Open averyhiebert opened 3 years ago
Hi @averyhiebert, when you use the dataset mentioned in the readme try to unpack the wpmath00000xx.tar.bz2
files into a separate folder(s), then create inside that folder another one called Articles
and put the unpacked files here.
Then change a /Articles
to Articles
in DataReader/wiki_data_reader.py
line 30
temp_address = temp_address + "Articles"
Should work as a quick fix :)
An importance step before running code is to unzip NTCIR-12 dataset and extract all tarballs under the sub-directories by for x in *.tar.bz2; do echo $x; tar xjf $x; done
嗨,@averyhiebert,当您使用自述文件中提到的数据集时,请尝试将文件解压缩到一个单独的文件夹中,然后在该文件夹中创建另一个称为的文件夹,并将解压缩的文件放在这里。
wpmath00000xx.tar.bz2``Articles
然后在第 30 行中将 a 更改为
/Articles``Articles``DataReader/wiki_data_reader.py
temp_address = temp_address + "Articles"
应该作为快速修复:)
How to store the decompressed files? I'm sorry I didn't understand your meaning.

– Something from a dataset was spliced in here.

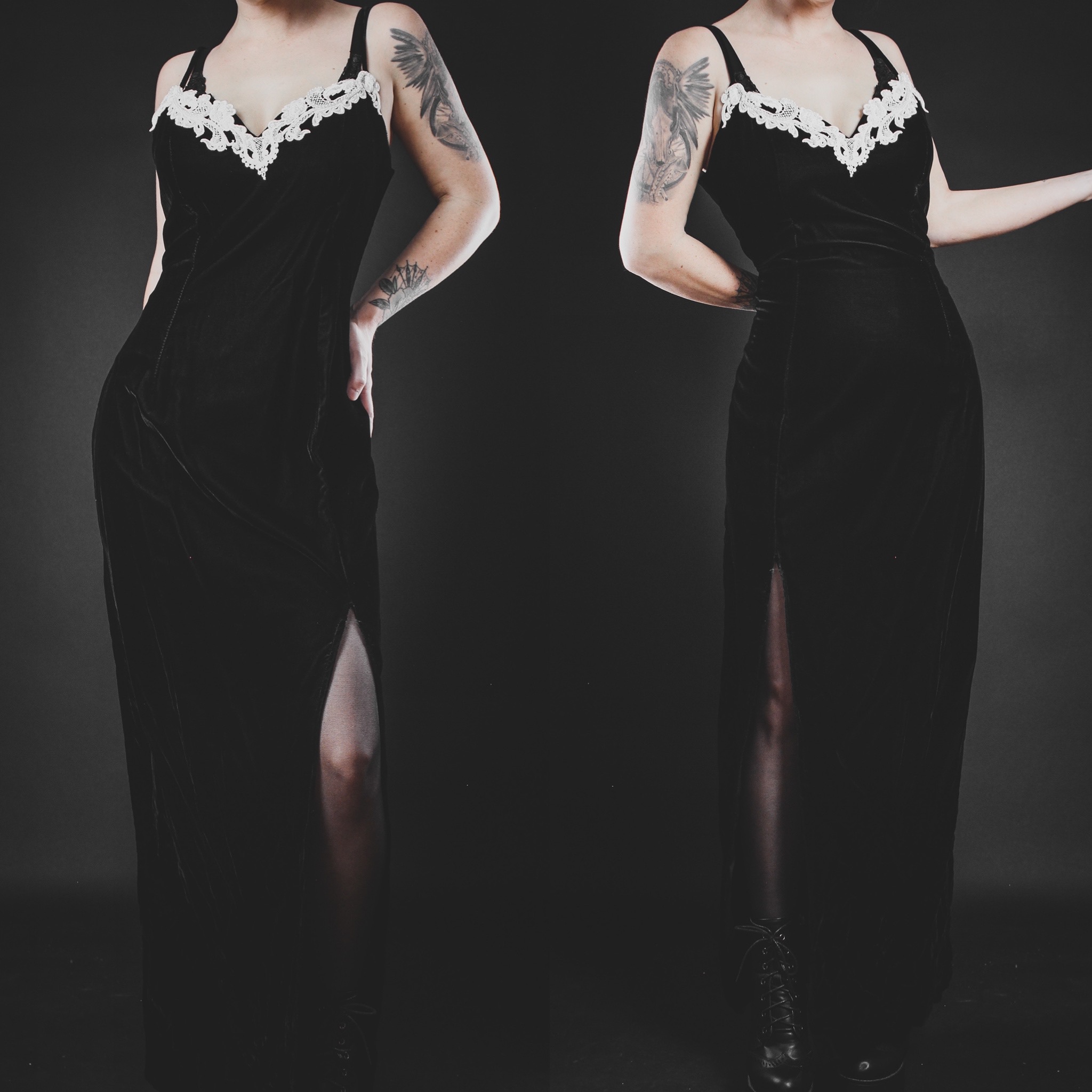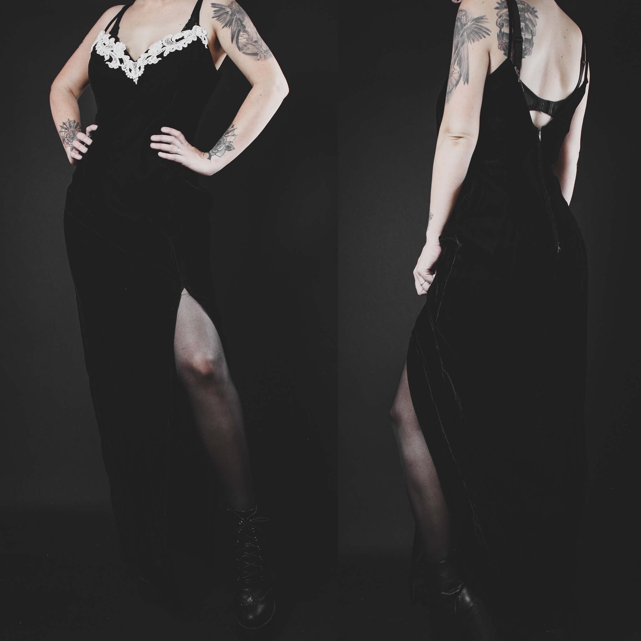 Vintage 80s black velvet gown with ivory crochet lace trim and tiny pearl beading. Wednesday Addams goes to prom!!! Super high side slit, v-neck and back, non-adjustable velvet straps, zips up the back. No stretch whatsoever.

当我尝试在NTCIR-12数据上训练模型时,按照自述文件中的说明,对gensim的FastText(第30行)的调用会抛出“运行时错误:在训练模型之前必须首先构建词汇表”。
tangent_cft_model.py
我正在按照要求中的说明使用 gensim 3.4.0.txt。版本信息是否不正确?还是我应该首先执行一个未记录的步骤?提前感谢您的任何帮助。
Hello, may I ask how you solved the problem at last? I met the same problem as you, but I still couldn't solve it by using the author's solution, I wonder where I made a mistake.
当我尝试在NTCIR-12数据上训练模型时,按照自述文件中的说明,对gensim的FastText(第30行)的调用会抛出“运行时错误:在训练模型之前必须首先构建词汇表”。
tangent_cft_model.py
我正在按照要求中的说明使用 gensim 3.4.0.txt。版本信息是否不正确?还是我应该首先执行一个未记录的步骤?提前感谢您的任何帮助。Hello, may I ask how you solved the problem at last? I met the same problem as you, but I still couldn't solve it by using the author's solution, I wonder where I made a mistake.
Command can work, if your directory is like the following:
NTCIR-12_MathIR_Wikipedia_Corpus/ └── MathTagArticles ---└── wpmath0000001 -----├── 00_ERRORS_MATH -----├── 00_Log -----├── 00stats.csv -----├── 13(number).html -----├── 1995.html -----├── 1_(number).html -----├── 253_Mathilde.html -----├── 2D_computergraphics.html -----├── 2(number).html -----├── 3-sphere.html -----├── 61_Cygni.html
@aiainui May I ask how you made this work? My file structure looks exactly like this, but I'm still running into the issue. Thanks!
When I try to train the model on the NTCIR-12 data, following the instructions in the readme, the call to gensim's FastText (line 30 in
tangent_cft_model.py
) throws "RuntimeError: you must first build vocabulary before training the model".I'm using gensim 3.4.0 as instructed in requirements.txt. Is the version information incorrect, maybe? Or is there an undocumented step that I'm supposed to perform first? Thanks in advance for any help.